— SOURCE INFORMATION —
====================

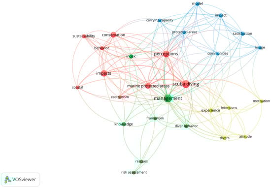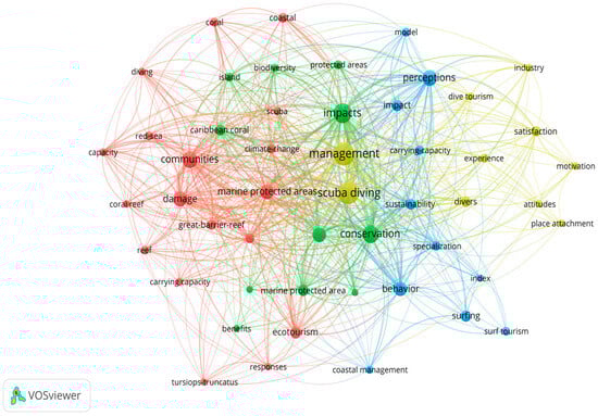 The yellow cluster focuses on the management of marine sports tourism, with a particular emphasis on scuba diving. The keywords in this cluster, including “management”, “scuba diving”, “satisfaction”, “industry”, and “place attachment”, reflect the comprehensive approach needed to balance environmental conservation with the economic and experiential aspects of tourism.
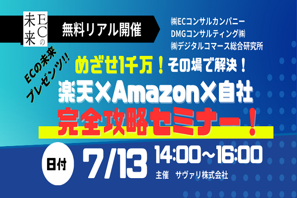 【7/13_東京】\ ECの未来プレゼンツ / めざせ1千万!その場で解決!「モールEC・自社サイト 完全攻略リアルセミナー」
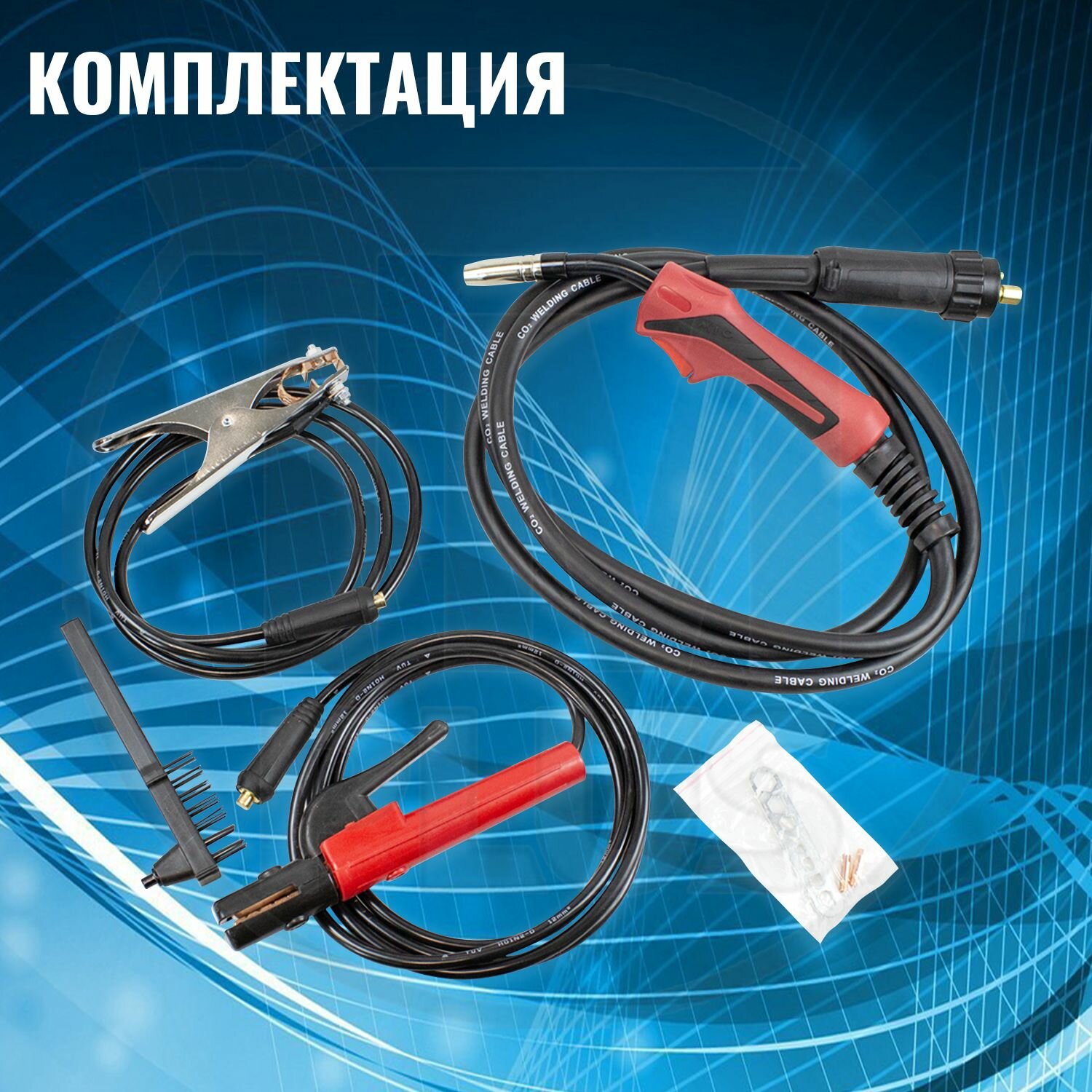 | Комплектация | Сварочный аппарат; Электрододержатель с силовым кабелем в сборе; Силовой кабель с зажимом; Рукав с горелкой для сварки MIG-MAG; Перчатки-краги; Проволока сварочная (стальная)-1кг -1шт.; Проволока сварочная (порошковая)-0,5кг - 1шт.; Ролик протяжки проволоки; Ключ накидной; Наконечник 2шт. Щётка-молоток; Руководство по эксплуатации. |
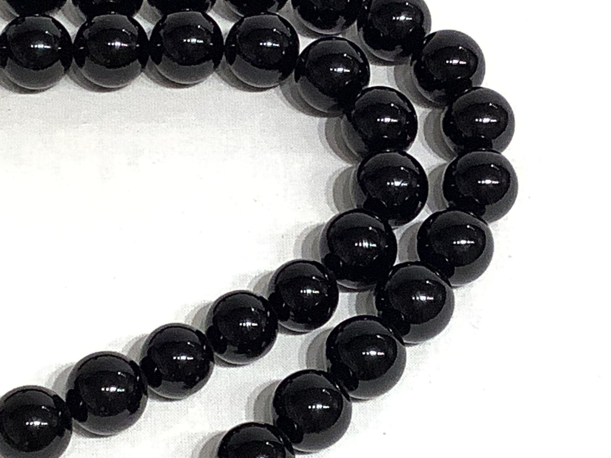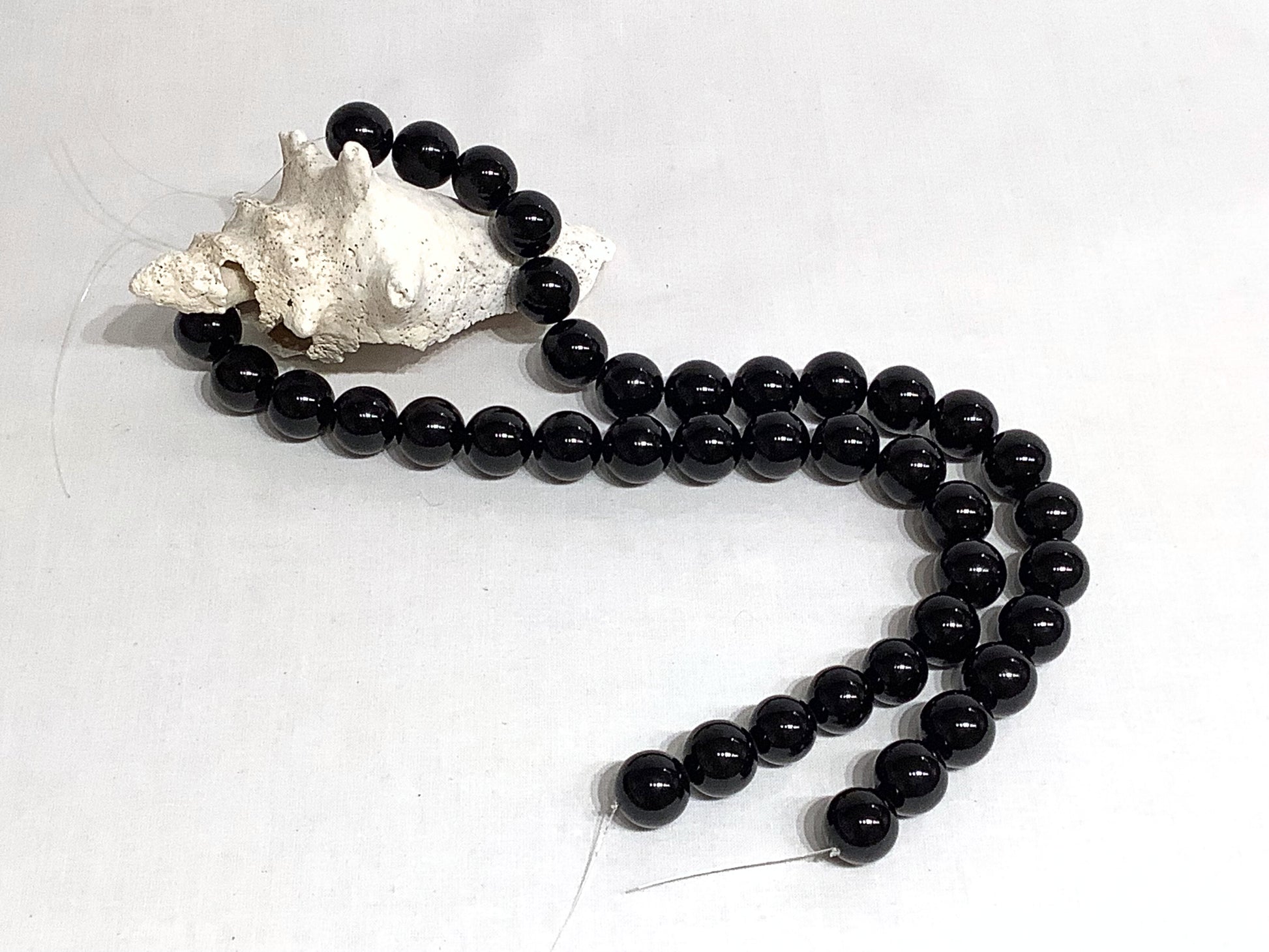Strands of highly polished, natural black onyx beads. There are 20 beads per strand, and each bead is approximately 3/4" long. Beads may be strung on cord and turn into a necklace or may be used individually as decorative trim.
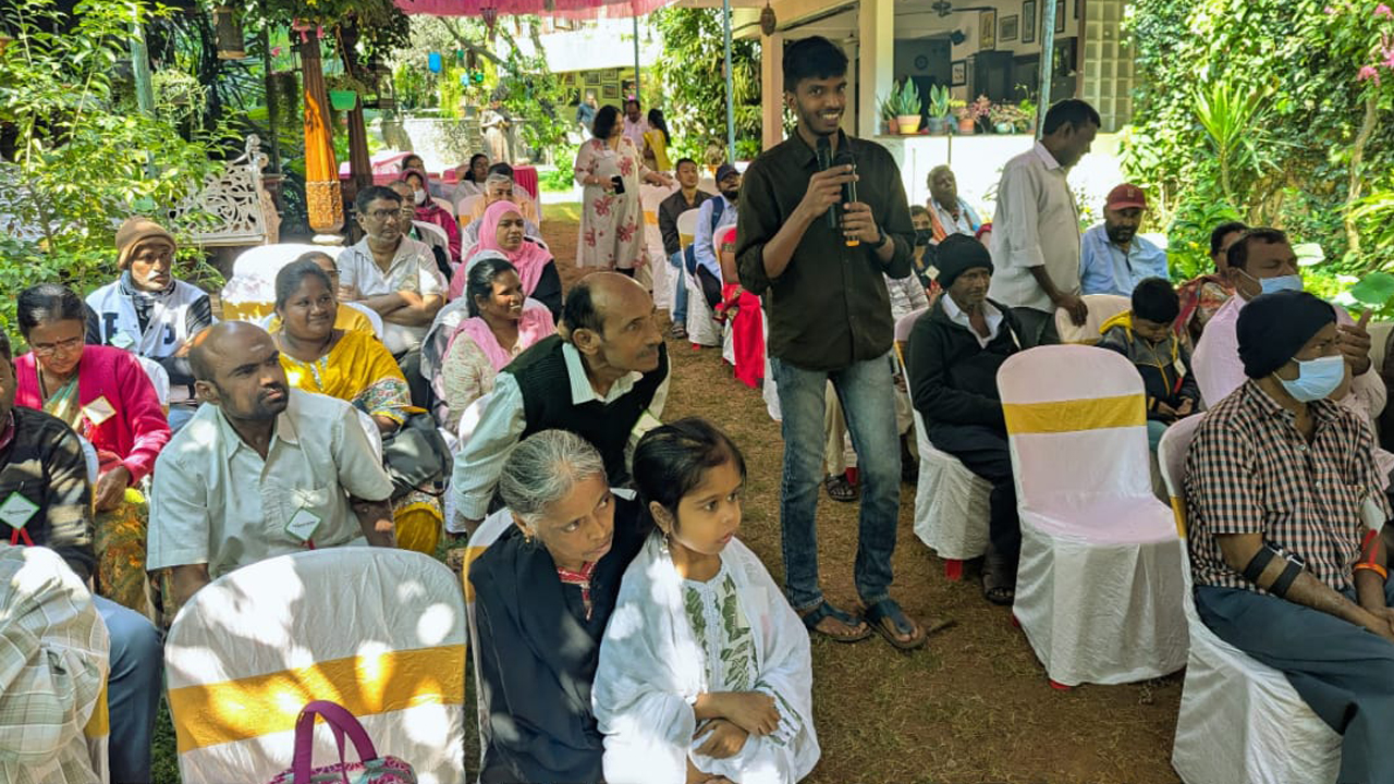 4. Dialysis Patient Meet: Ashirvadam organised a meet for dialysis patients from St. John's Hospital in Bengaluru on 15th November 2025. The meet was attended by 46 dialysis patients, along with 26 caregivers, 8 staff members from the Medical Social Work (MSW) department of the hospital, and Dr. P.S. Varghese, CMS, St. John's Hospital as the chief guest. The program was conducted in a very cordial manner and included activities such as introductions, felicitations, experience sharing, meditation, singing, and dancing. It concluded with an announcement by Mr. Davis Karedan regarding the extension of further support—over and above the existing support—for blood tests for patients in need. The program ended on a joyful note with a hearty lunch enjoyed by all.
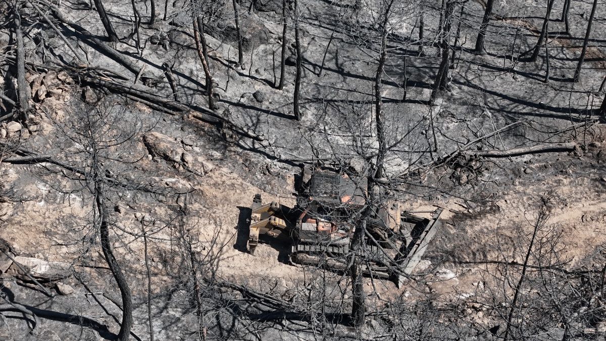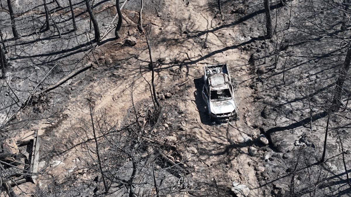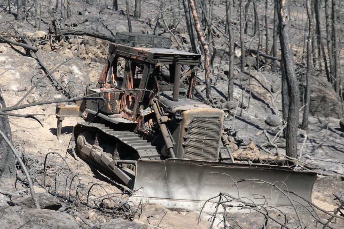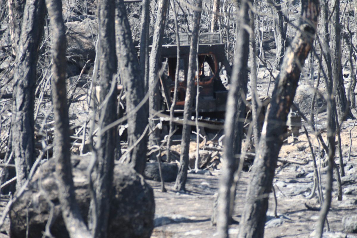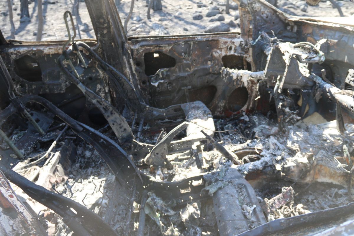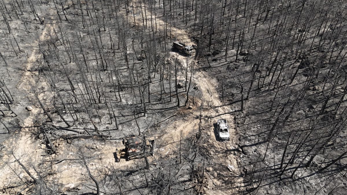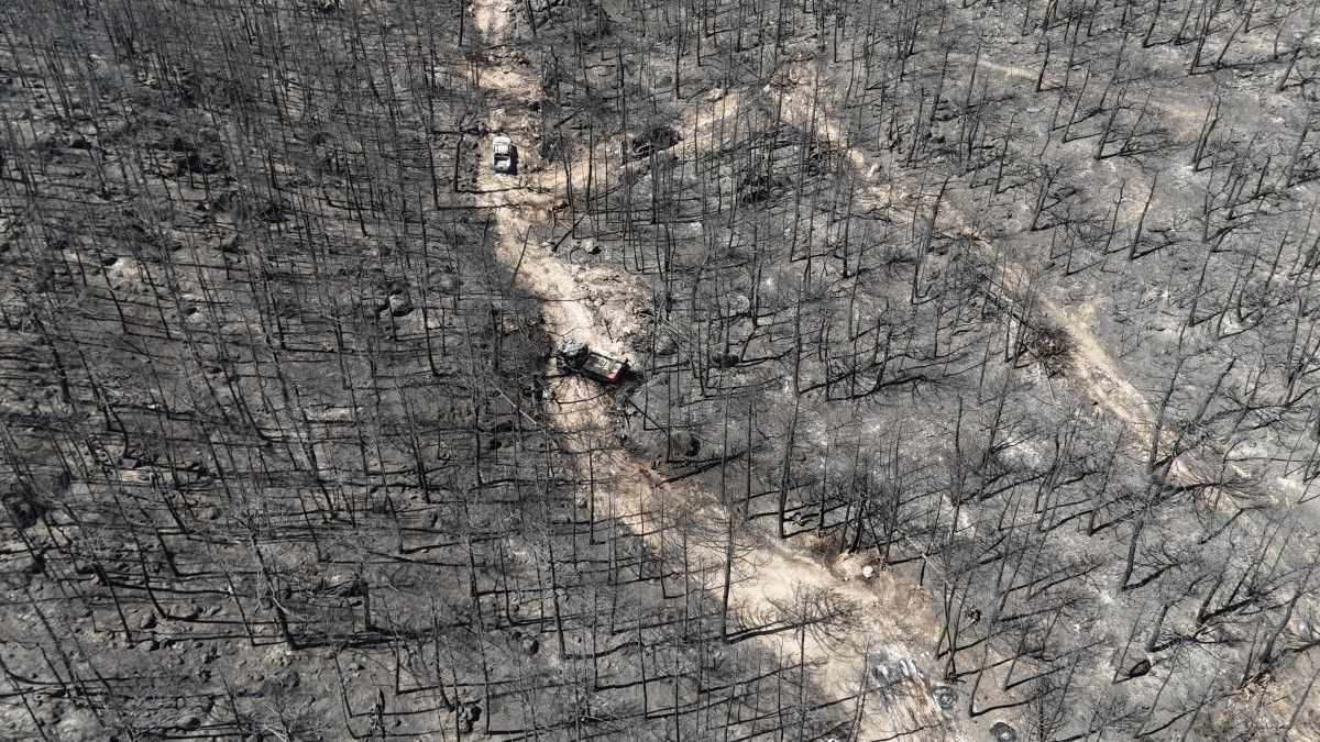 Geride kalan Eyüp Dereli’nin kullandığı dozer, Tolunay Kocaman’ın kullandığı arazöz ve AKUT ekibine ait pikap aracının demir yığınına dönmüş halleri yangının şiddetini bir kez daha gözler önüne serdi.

====================

— YOUR OBJECTIVE —
Going from the line with "4. Dialysis Patient" to the last line of the listing, write out each line exactly and nothing else. Leave out all pictures.

— EXPECTED ANSWER —
 4. Dialysis Patient Meet: Ashirvadam organised a meet for dialysis patients from St. John's Hospital in Bengaluru on 15th November 2025. The meet was attended by 46 dialysis patients, along with 26 caregivers, 8 staff members from the Medical Social Work (MSW) department of the hospital, and Dr. P.S. Varghese, CMS, St. John's Hospital as the chief guest. The program was conducted in a very cordial manner and included activities such as introductions, felicitations, experience sharing, meditation, singing, and dancing. It concluded with an announcement by Mr. Davis Karedan regarding the extension of further support—over and above the existing support—for blood tests for patients in need. The program ended on a joyful note with a hearty lunch enjoyed by all.
 Geride kalan Eyüp Dereli’nin kullandığı dozer, Tolunay Kocaman’ın kullandığı arazöz ve AKUT ekibine ait pikap aracının demir yığınına dönmüş halleri yangının şiddetini bir kez daha gözler önüne serdi.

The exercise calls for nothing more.